Autumn In early September I enjoyed meeting up with Tom and Linda Johns (former teachers at the County Upper School) courtesy of Tommy Bamber who treated us to lunch at Pezzos, an Italian restaurant in Bury. Before the lunch I sat for 45 minutes in the Abbey Gardens watching the world go by: a man with his blond haired two-year-old, an athletic young fellow with a huge poodle with a penchant for chasing grey squirrels, a succession of well dressed elderly men who had been to a funeral at the cathedral and who strangely all looked the same, wandering couples who kept taking photos of the flower beds. It was all very, very English!
In mid September I braved the M11 and M25 to visit my brother, Paul and his wife, Ruth in Hastings. All went well on journey there but it was a different matter coming home. I got diverted west away from the Dartford crossing. So I travelled the best part of all the way round the M25. It was stop – start, stop – start until beyond Heathrow. It tried my patience! What a relief to reach the exit junction to the M11 only to find myself in the wrong lane – heading for central London. I was so fed up that I virtually closed my eyes, signalled left to switch lanes and hoped for the best. I daresay I was only inches away from an inglorious exit to a better place.
I had one or two other setbacks during my stay with Ruth and Paul. I tripped over a wire when out bird watching and fell head first for the second time this year. I landed on my face – so no harm done! I also managed to lock myself out of Paul’s house and no amount of trial and error with a borrowed key managed to redress the situation. Other than that, I greatly enjoyed my visit and was sorry to come home. Paul and I went bird watching each day; the weather was good and the birds varied and numerous.

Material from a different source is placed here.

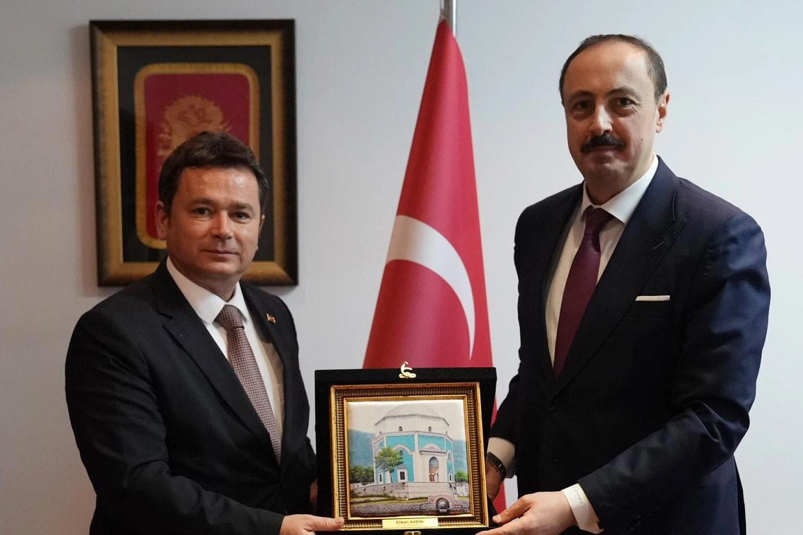 Başkan Aydın’dan Üsküp Büyükelçisi Fatih Ulusoy’a ziyaret Osmangazi Belediye Başkanı Erkan Aydın, ‘Osmangazi Kardeşler Buluşması’ etkinliği kapsamında gittiği Üsküp’te Türkiye Cumhuriyeti’nin Üsküp Büyükelçisi Fatih Ulusoy’u ziyaret etti. Ziyarette Başkan Aydın’a Osmangazi Belediyespor Yönetim Kurulu Başkanı Fatih Karayılan, Osmangazi Belediye Başkan Yardımcısı Tolga Kornoşor ve KKTC Akademi Sanat Derneği Başkanı Gencay Eroğlu da eşlik etti. Misafirperverliği için Büyükelçi Fatih Ulusoy’a teşekkürlerini sunan Başkan Aydın, "İkili ilişkilerin geliştirilmesi, kültürel birlikteliğin sağlanması ve ortak projeler üzerine fikir alışverişinde bulunduğumuz verimli bir ziyaret oldu. Sayın Büyükelçimize nazik ev sahipliği ve samimi ilgisinden dolayı kendisine teşekkür ediyorum" dedi. Ziyaretten dolayı mutluluk duyduğunu ifade eden Türkiye Cumhuriyeti’nin Üsküp Büyükelçisi Fatih Ulusoy ise, "Balkanlar’da ülkemize yönelik güzel bir teveccüh var. Her gittiğimiz yerde güzel bir şekilde karşılanıyoruz. Sizlerin de buralara gelmeniz ve düzenlediğiniz etkinlikler ile bağları güçlendirmeniz Türkiye’ye olan sevgiye de katkı sağlıyor" diye konuştu.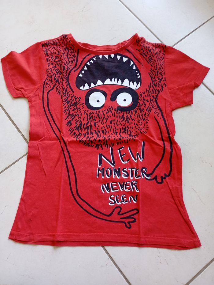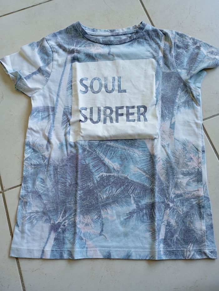 Lot de 4 tee shirt manche courte taille 8 ans Un car's marque disney Un soul surfer Un monstre rouge Un H&M un rayé blanc et bleu marin Bcp d'autres habits en 8 ans tee shirt sweat veste chemise......

In early October, Tom and I had to bid farewell to our young friend Stu Hill who was flying to New Zealand to spend 6 months walking from the north of North island to the southernmost tip of South island – all of 2000 miles. (Please note that I have eschewed words like up and down to describe his route!)
I do get some encouragements along the way! Ashley Revett, a plumber by trade and former pupil at Debenham, took time out from working on the visitor’s centre at Lackford for a chat. He asked Tom to take a photo of the two of us on his mobile phone. Another case of beauty and the beast!
The folk at Brockley and Barton Mills are very appreciative of my Bible studies. I also benefit from the kind hospitality of Richard and Carolyn Plowman of the Brockley fellowship and Arthur and Gill Rutterford at Barton Mills.
Sadly the numbers attending the chapel at Brockley continues to dwindle as the over nineties either go to live in care homes or are confined to their own homes. We miss them greatly. So far none have actually died and so I am able to visit my old friends. It is difficult to be optimistic about the future of the church with no young people to replace the old.
I keep adding to my website as I slowly work through Matthew’s gospel. I have found it difficult because Matthew portrays Jesus at his most severe and uncompromising. I was glad to arrive at Matthew 20v29 where Jesus says that he came to give his life as a ransom for many. Years and years ago I can remember a boy at Pioneer Camp singing over and over again, “He paid the ransom for me.” It is one of my abiding memories of camp. As far as I was concerned the little boy could not sing it often enough.
Finally, congratulations to brother, Peter and his wife Olive for becoming grandparents for the first time. Their grandson Lucas was very, very reluctant to leave the safety of the womb. I don’t blame him!